Career highlights and awards
- World Series champion (1941);

= Charley Stanceu =

American baseball player (1916-1969)

Charles Stanceu (Romanian: Charles Stanciu; January 9, 1916 – April 3, 1969) was an American professional baseball player of Romanian descent who played in 39 Major League games in 1941 and 1946 with the New York Yankees and the Philadelphia Phillies. A pitcher, he batted and threw right-handed.

==Career==
After growing up in Canton, Ohio, Stanceu, played minor league baseball beginning in 1934 and ending in 1949. Perhaps his best success was with the 1940 Kansas City Blues for which he went 15–8. After his major league days he pitched three seasons for Columbus.

Stanceu was member of the 1941 Yankees team who won the 1941 World Series. He appeared in 22 games for the 1941 Yankees team, which won 101 games as well as the 1941 World Series.

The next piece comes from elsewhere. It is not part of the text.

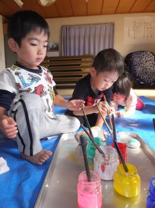 ☆ 先月末、2回目の造形教室。河原にいってみんなで石を拾ってきて、その石にマジックペンや絵の具で顔をかきました。なかなか上手でどことなく描いた本人に似ています。でも問題はそのあと、せっかく描いたのに、すぐに絵具で塗りつぶすんだもの!筆をつかう面白さが最優先なんですよ!!それもまた、楽し、みんな、おもーい石のはいった袋をうんこらしょ、とかついで帰りました。

During World War II, Stanceu was in the US Army. He came back in 1946 to pitch some more for the 1946 Yankees as well as for the 1946 Phillies. After three games in 1946 with the Yankees, he was selected off waivers by the Phillies and pitched in 14 more games for them in that season.

==After baseball==
After baseball, Stanceu worked for the Monarch Rubber Company in Hartville, Ohio. He died on April 3, 1969, aged 53, of a heart attack.

His son, Timothy, was the Chief Judge of the United States Court of International Trade from 2014 to 2021.